→ **AIM OF THE EXERCISE**: If pictures appear in the lines below, skip them and copy exactly the lines from the one containing "В Москве и Красноярске" through the one containing "Mr. Charles Chaplin‘s", and nothing else.

━━━━━ DATA TO EXAMINE ━━━━━

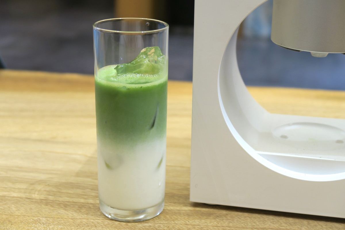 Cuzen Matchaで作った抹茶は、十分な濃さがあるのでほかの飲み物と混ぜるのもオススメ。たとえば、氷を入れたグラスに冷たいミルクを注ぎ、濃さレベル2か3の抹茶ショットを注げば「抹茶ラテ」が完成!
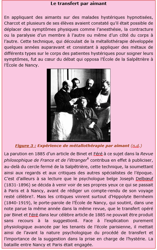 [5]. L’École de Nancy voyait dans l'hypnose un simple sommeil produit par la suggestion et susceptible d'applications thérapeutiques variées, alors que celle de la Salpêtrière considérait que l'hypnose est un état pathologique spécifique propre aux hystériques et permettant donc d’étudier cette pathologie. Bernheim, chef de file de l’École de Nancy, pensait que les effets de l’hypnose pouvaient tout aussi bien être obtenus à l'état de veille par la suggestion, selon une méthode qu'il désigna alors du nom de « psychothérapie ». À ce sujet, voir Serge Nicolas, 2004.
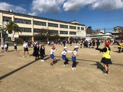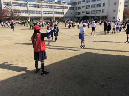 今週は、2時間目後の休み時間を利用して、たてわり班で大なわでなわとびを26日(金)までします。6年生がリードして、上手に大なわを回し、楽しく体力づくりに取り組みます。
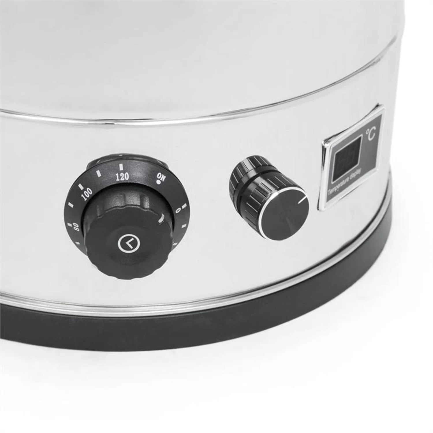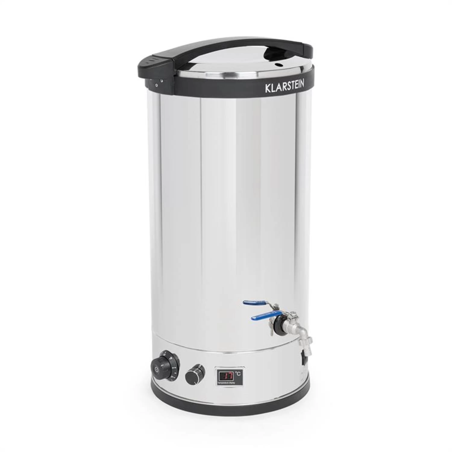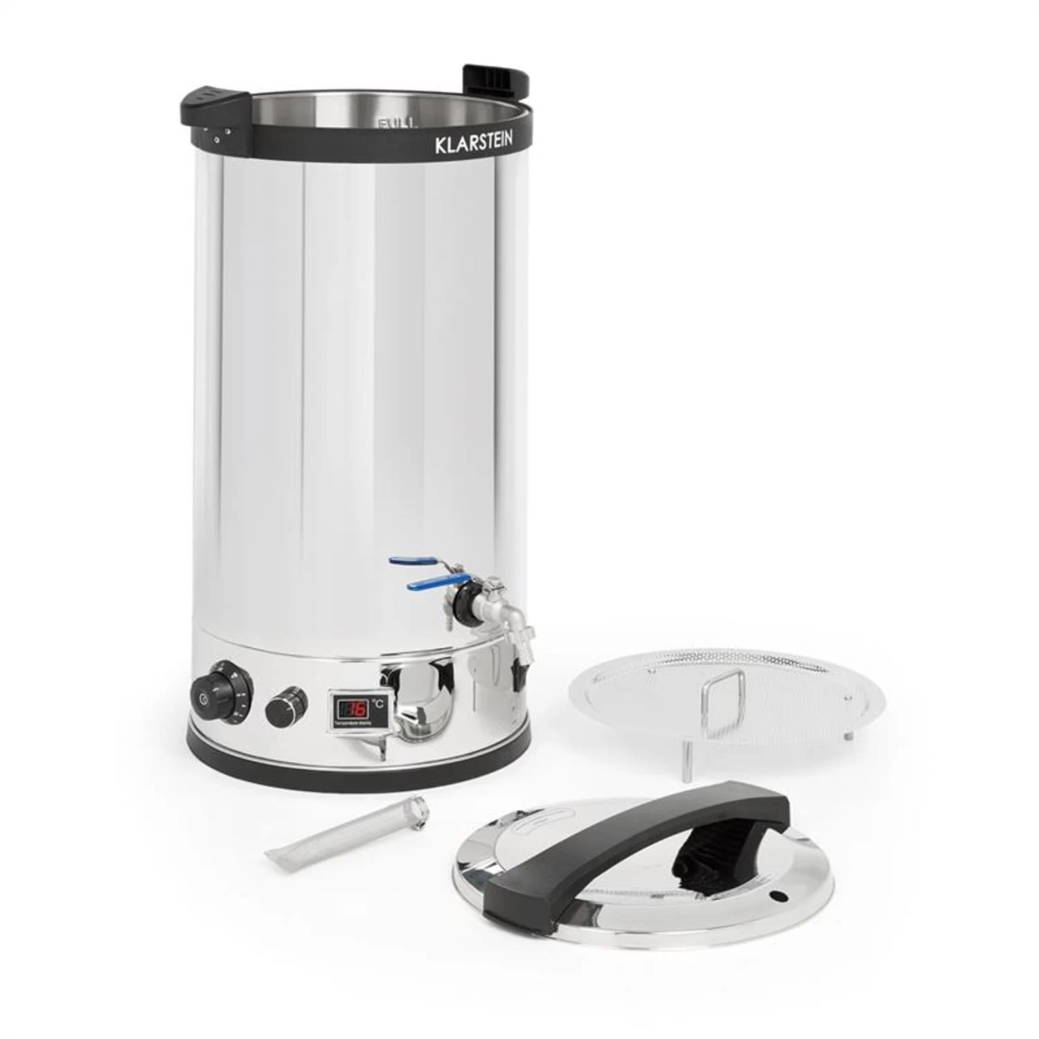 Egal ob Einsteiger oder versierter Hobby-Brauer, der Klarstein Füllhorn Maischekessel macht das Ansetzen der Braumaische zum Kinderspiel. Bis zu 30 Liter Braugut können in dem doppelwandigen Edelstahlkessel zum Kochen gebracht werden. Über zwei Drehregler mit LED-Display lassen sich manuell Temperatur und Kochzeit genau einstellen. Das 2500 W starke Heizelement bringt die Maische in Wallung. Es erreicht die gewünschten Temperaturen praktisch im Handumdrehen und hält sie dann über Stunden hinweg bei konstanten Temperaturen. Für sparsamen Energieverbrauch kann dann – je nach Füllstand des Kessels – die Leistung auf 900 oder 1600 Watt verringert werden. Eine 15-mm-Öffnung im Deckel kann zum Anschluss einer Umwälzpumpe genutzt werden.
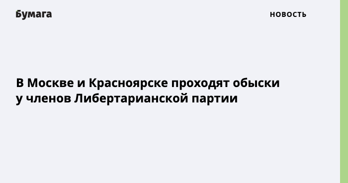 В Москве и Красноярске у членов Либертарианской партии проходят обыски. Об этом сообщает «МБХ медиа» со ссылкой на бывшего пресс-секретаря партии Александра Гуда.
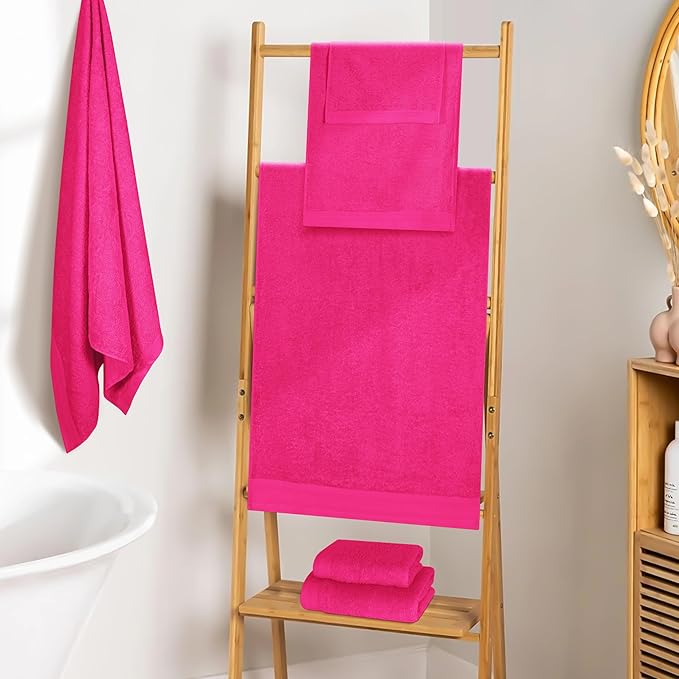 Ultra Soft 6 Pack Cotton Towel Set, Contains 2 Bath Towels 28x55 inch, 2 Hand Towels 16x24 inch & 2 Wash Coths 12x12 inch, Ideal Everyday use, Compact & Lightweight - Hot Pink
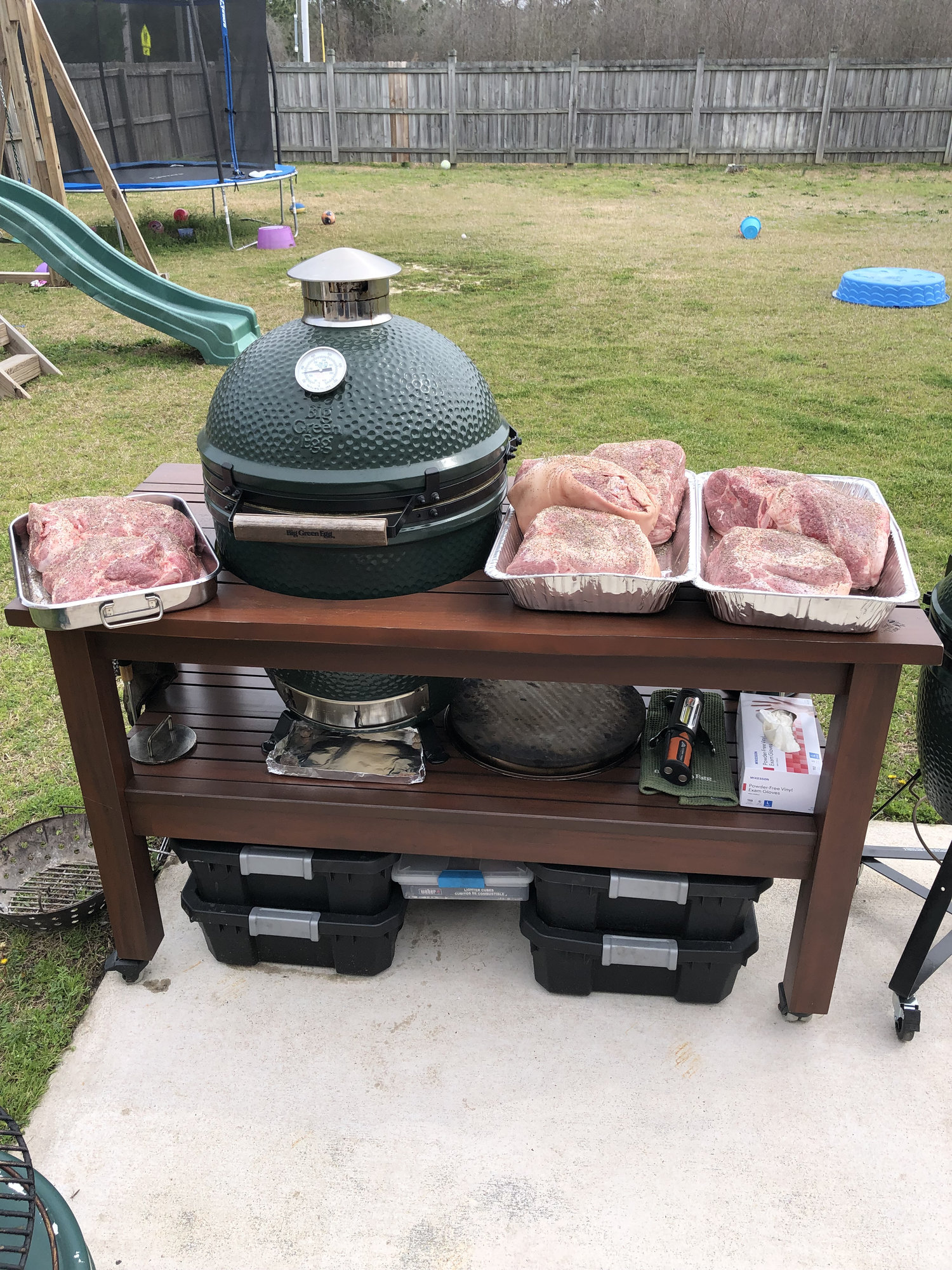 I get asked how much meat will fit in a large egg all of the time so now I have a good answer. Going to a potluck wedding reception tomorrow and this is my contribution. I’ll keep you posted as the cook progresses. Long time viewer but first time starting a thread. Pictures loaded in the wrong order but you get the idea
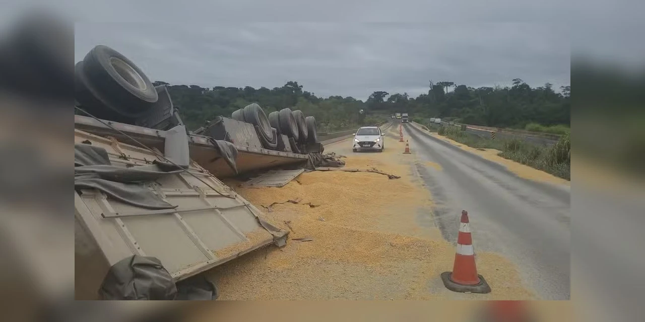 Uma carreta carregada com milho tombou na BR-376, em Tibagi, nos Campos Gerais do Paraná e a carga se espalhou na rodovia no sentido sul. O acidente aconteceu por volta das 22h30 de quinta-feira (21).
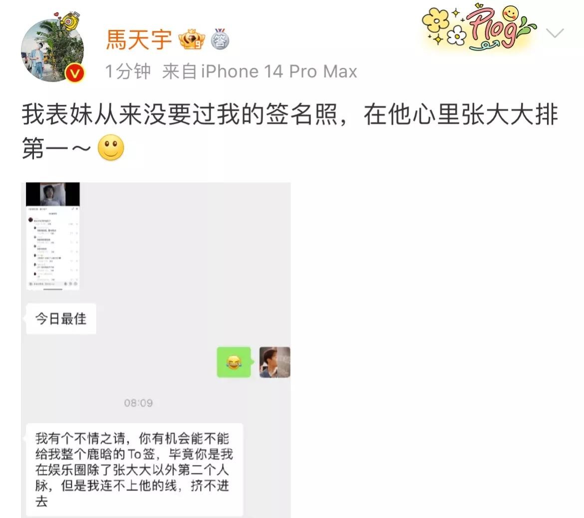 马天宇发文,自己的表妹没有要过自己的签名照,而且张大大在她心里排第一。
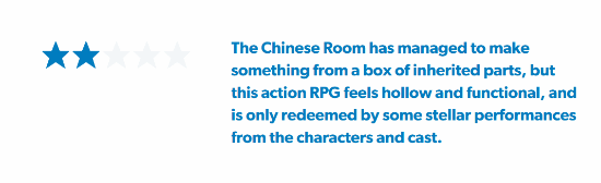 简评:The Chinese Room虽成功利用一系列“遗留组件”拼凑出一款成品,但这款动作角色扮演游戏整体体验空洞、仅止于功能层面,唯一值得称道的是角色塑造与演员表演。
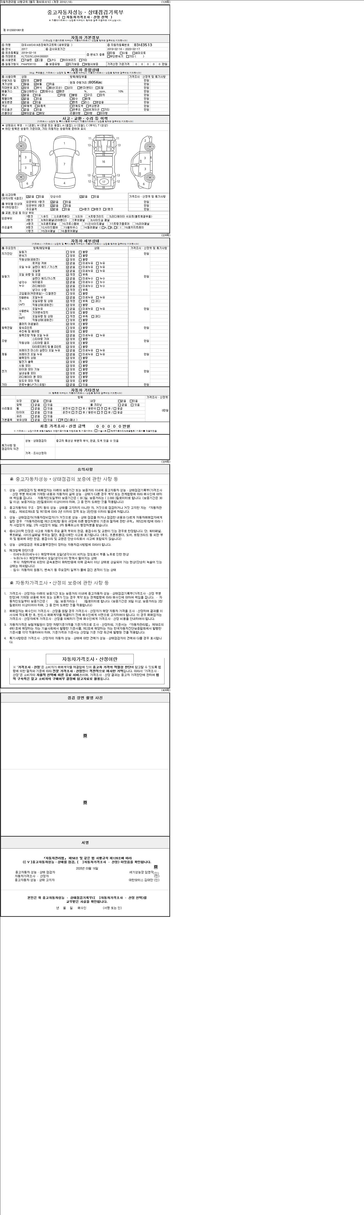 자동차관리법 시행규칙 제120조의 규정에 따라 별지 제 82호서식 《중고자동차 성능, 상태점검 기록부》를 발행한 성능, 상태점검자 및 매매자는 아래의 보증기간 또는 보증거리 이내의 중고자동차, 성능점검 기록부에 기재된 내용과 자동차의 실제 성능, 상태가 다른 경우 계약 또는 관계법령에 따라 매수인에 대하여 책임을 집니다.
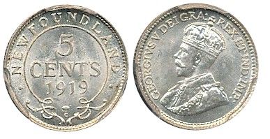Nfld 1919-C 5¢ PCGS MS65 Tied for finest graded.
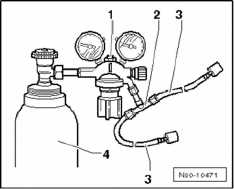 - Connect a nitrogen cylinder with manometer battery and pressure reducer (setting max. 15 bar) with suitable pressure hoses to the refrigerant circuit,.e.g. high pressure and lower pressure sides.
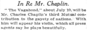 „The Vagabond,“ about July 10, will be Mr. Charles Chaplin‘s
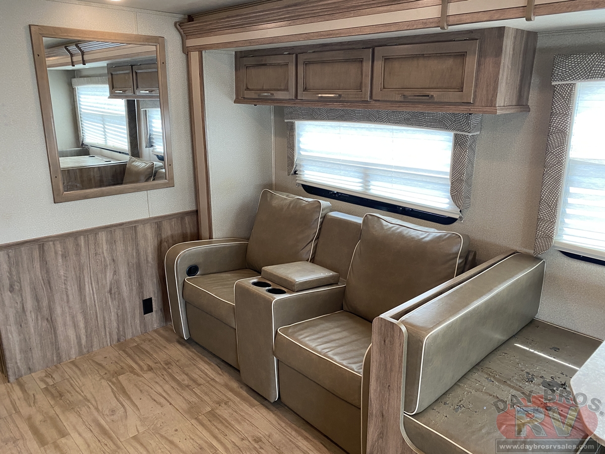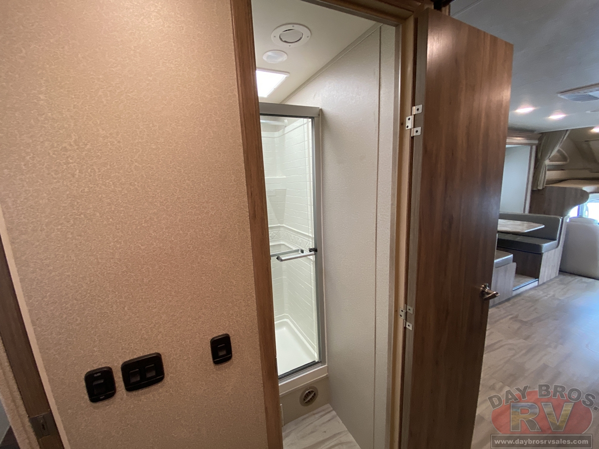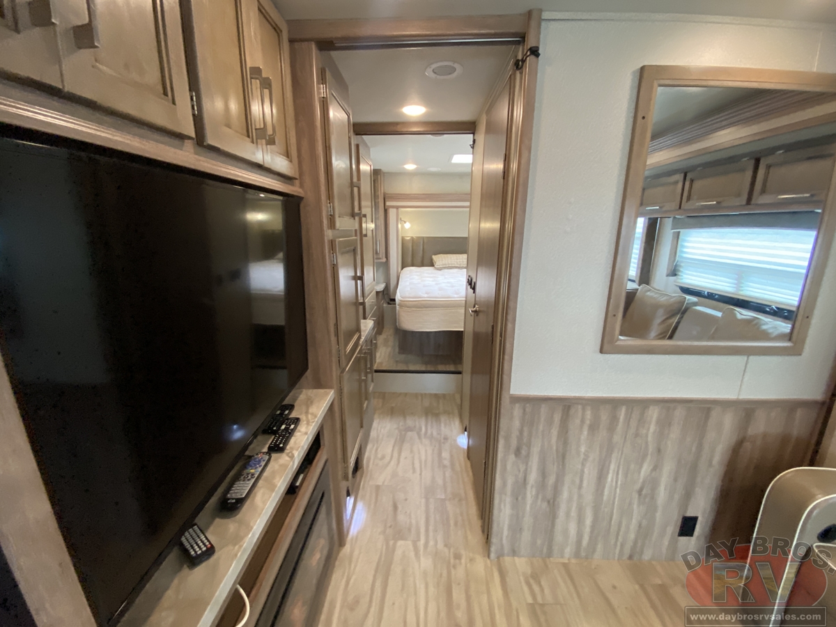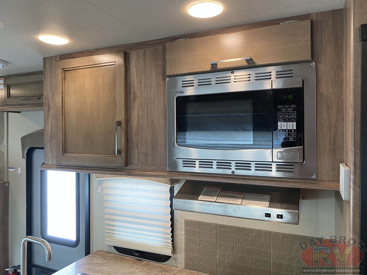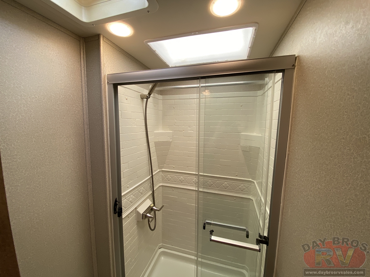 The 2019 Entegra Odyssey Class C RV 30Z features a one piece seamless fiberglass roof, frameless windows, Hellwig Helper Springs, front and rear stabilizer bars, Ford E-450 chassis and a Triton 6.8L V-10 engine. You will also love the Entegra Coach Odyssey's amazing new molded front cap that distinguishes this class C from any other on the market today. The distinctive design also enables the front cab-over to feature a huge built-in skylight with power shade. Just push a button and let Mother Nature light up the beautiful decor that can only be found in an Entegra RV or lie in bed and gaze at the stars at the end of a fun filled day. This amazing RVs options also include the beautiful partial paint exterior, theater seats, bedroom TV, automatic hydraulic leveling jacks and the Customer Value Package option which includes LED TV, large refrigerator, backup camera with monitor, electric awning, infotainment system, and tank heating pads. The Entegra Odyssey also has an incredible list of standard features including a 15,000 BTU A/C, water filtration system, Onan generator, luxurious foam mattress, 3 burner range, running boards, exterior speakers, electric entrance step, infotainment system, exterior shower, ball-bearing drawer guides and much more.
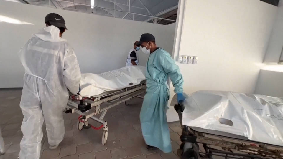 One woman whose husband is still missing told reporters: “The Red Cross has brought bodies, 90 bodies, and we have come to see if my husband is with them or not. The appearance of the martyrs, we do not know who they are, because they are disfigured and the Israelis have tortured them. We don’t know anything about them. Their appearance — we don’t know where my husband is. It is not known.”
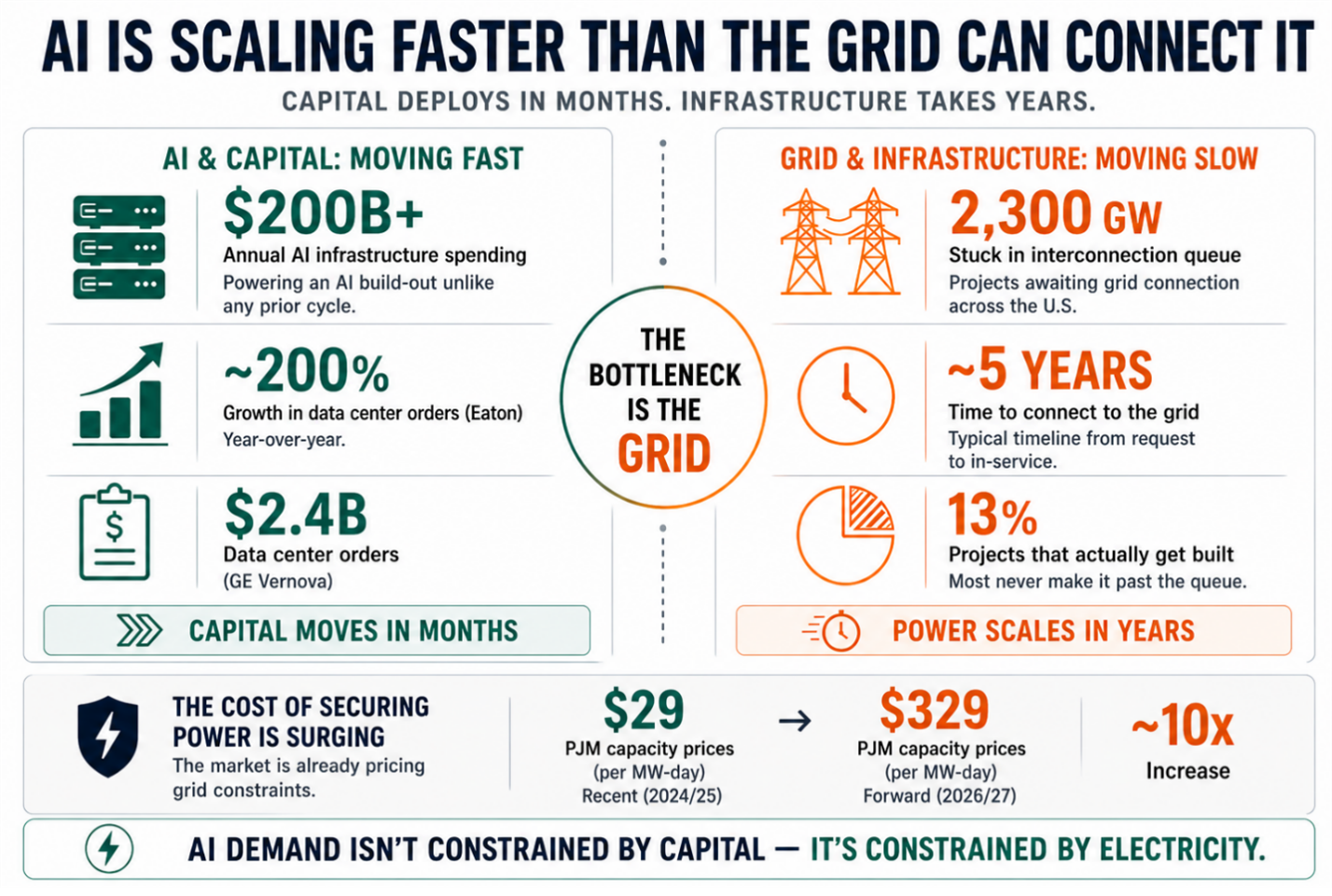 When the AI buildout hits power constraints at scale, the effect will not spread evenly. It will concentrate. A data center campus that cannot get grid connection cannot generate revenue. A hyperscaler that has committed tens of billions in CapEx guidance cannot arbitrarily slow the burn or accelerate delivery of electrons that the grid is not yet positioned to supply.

━━━━━

→ **SOLUTION TO THIS PROBLEM**:
 В Москве и Красноярске у членов Либертарианской партии проходят обыски. Об этом сообщает «МБХ медиа» со ссылкой на бывшего пресс-секретаря партии Александра Гуда.
 Ultra Soft 6 Pack Cotton Towel Set, Contains 2 Bath Towels 28x55 inch, 2 Hand Towels 16x24 inch & 2 Wash Coths 12x12 inch, Ideal Everyday use, Compact & Lightweight - Hot Pink
 I get asked how much meat will fit in a large egg all of the time so now I have a good answer. Going to a potluck wedding reception tomorrow and this is my contribution. I’ll keep you posted as the cook progresses. Long time viewer but first time starting a thread. Pictures loaded in the wrong order but you get the idea
 Uma carreta carregada com milho tombou na BR-376, em Tibagi, nos Campos Gerais do Paraná e a carga se espalhou na rodovia no sentido sul. O acidente aconteceu por volta das 22h30 de quinta-feira (21).
 马天宇发文,自己的表妹没有要过自己的签名照,而且张大大在她心里排第一。
 简评:The Chinese Room虽成功利用一系列“遗留组件”拼凑出一款成品,但这款动作角色扮演游戏整体体验空洞、仅止于功能层面,唯一值得称道的是角色塑造与演员表演。
 자동차관리법 시행규칙 제120조의 규정에 따라 별지 제 82호서식 《중고자동차 성능, 상태점검 기록부》를 발행한 성능, 상태점검자 및 매매자는 아래의 보증기간 또는 보증거리 이내의 중고자동차, 성능점검 기록부에 기재된 내용과 자동차의 실제 성능, 상태가 다른 경우 계약 또는 관계법령에 따라 매수인에 대하여 책임을 집니다.
Nfld 1919-C 5¢ PCGS MS65 Tied for finest graded.
 - Connect a nitrogen cylinder with manometer battery and pressure reducer (setting max. 15 bar) with suitable pressure hoses to the refrigerant circuit,.e.g. high pressure and lower pressure sides.
 „The Vagabond,“ about July 10, will be Mr. Charles Chaplin‘s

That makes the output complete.